Similarly, skimping on RAM in thousand-dollar phones seems a weak reason to deny users access to faster, safer browsers. The Chromium project has a history of strengthening the default sandboxes provided by OSes (including Apple's), and would no doubt love the try its hand at improving Apple's security floor qua ceiling.

The relative problems with JITs — very much including Apple's — are, if anything, an argument for opening the field to vendors who will to put in the work Apple has not to protect users. If the net result is that Cupertino sells safer devices while accepting a slightly lower margin (or an even more eye-watering price) on its super-premium devices, what's the harm? And isn't that something the market should sort out?

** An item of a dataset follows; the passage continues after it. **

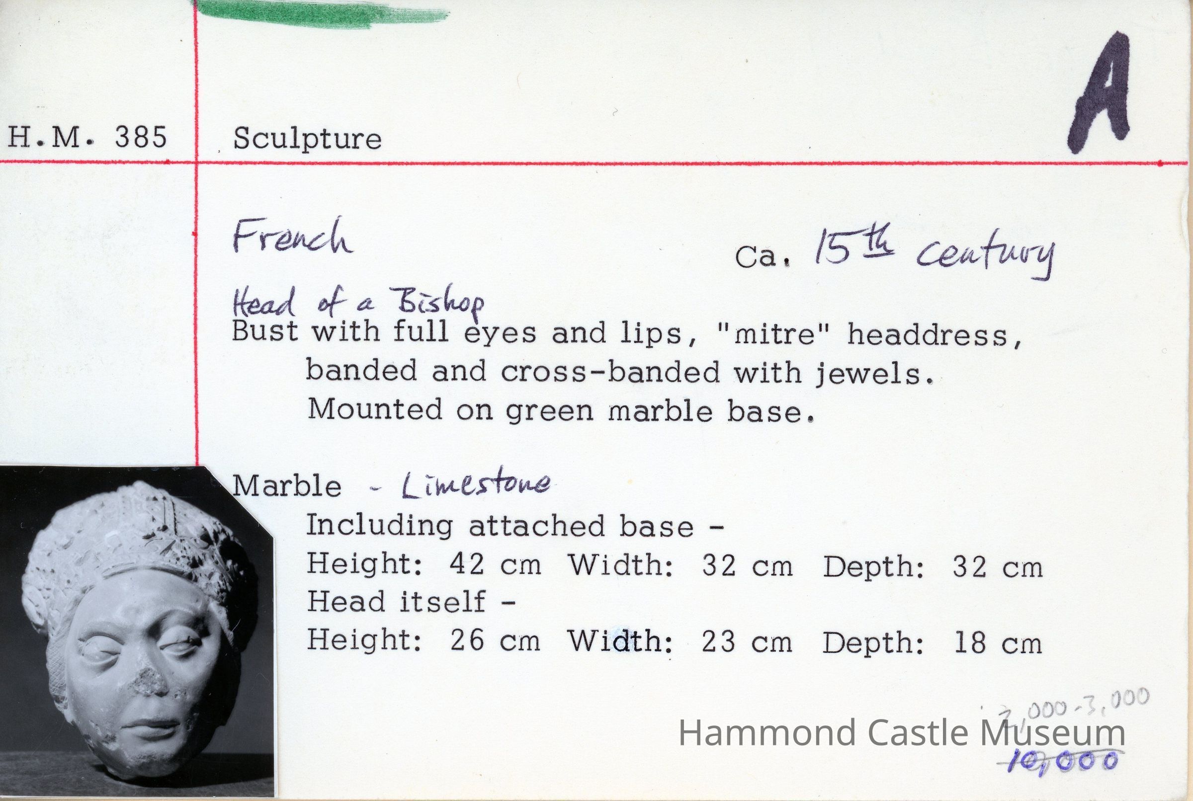 15thc Marble Bishop's Head from the Abbey of ClunyEntry/Object ID

High-modernism may mean never having to admit you're wrong, but it doesn't keep one from errors that functional markets would discipline. You do learn about them, but at the greatest of delays.

Policy Options

Apple may genuinely believe it is improving security by preventing other engines, not just padding its bottom line. For instance, beyond the abandonware problem, what of threats from "legitimate" browsers that abuse JIT priviledges? Or vendors that drag their heels in responding to security issues?

No OS vendor wants third parties exposing users to risks it feels helpless to mitigate. Removing browsers from user's devices is an existing option, but would be a drastic step that raises serious governance questions about the power Apple wields (and on whose behalf).

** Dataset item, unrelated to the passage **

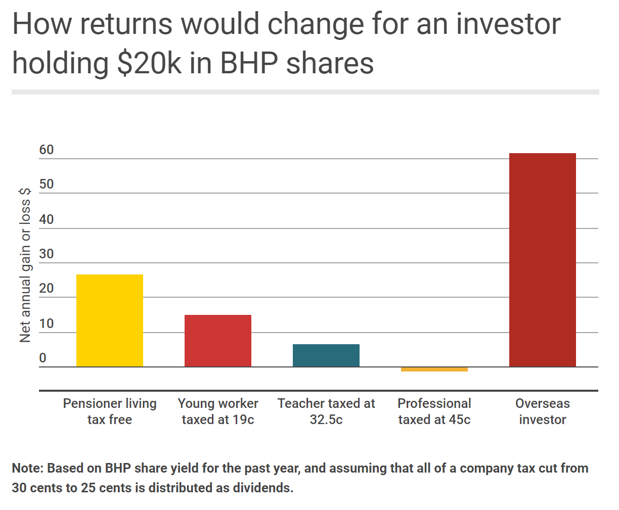 Company tax is really a ‘withholding tax’. It lets the Australian Tax Office hang on to the money until it knows who’s receiving the company profit in the form of dividends.

As middle-ground policy options go, Apple is far from helpless.

It has already created a bright line between browsers and other apps that embed WebViews, thanks to the Browser Entitlement, and could continue to require the latter use Apple's system-provided WebKit.

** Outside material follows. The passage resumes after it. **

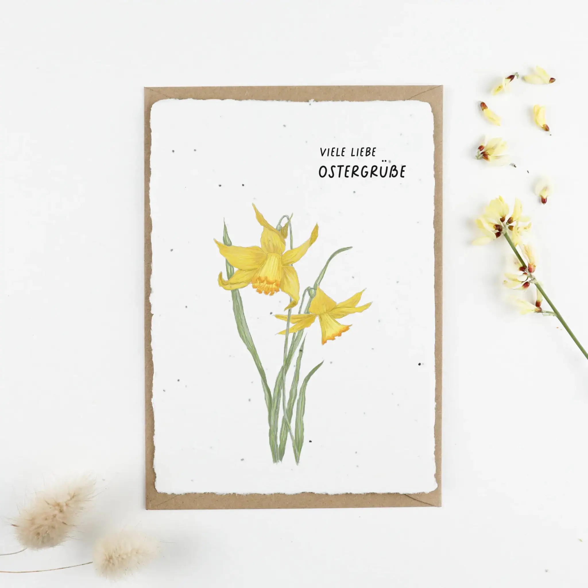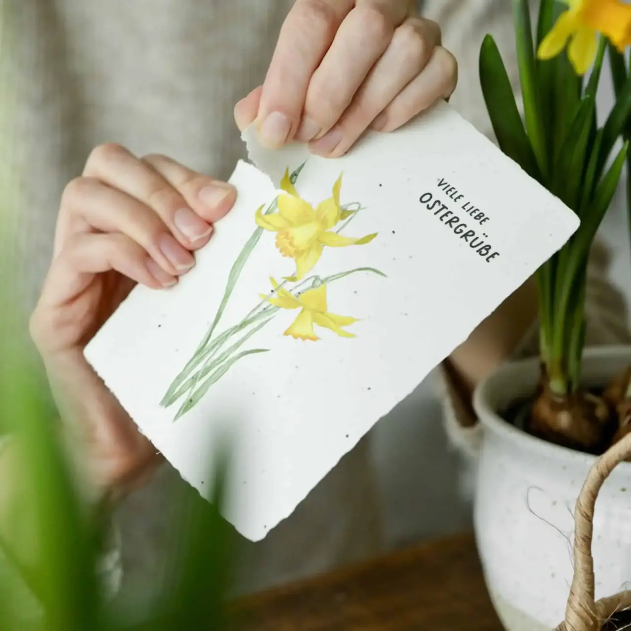 Eine ganz besondere Osterkarte aus wachsendem Papier! In das handgeschöpfte Saatpapier sind Samen eingearbeitet, die nur darauf warten als nachhaltiger Ostergruß zum Leben erweckt zu werden.

For browsers slow to fix security bugs, there also options short of dissalowing other engines and their JITs. Every engine on the market today also contains a non-JITing mode. Apple could require that vendors submit both JITful and JITless builds for each version they wish to publish and could, as a matter of policy and with warning, update user devices with non-JITing versions of these browsers should users be opened to widespread attack through vendor negligence.

In the process of opening up the necessary private APIs to build truly competitive browsers, Apple can set design quality standards. For example, if Apple's engine uses a now-private mechanism to ensure that code pages are not both writeable and executable, it could require other engines adopt the same techniques. Apple could further compel vendors to aggressively adopt protections from new hardware capabilities (e.g. Control Flow Integrity (pdf)) as it releases them.

Lastly, Apple can mandate all code loaded into sandboxed renderer processes be published as open source, along with build configurations, so that Apple can verify the supply chain integrity of browsers granted these capabilities.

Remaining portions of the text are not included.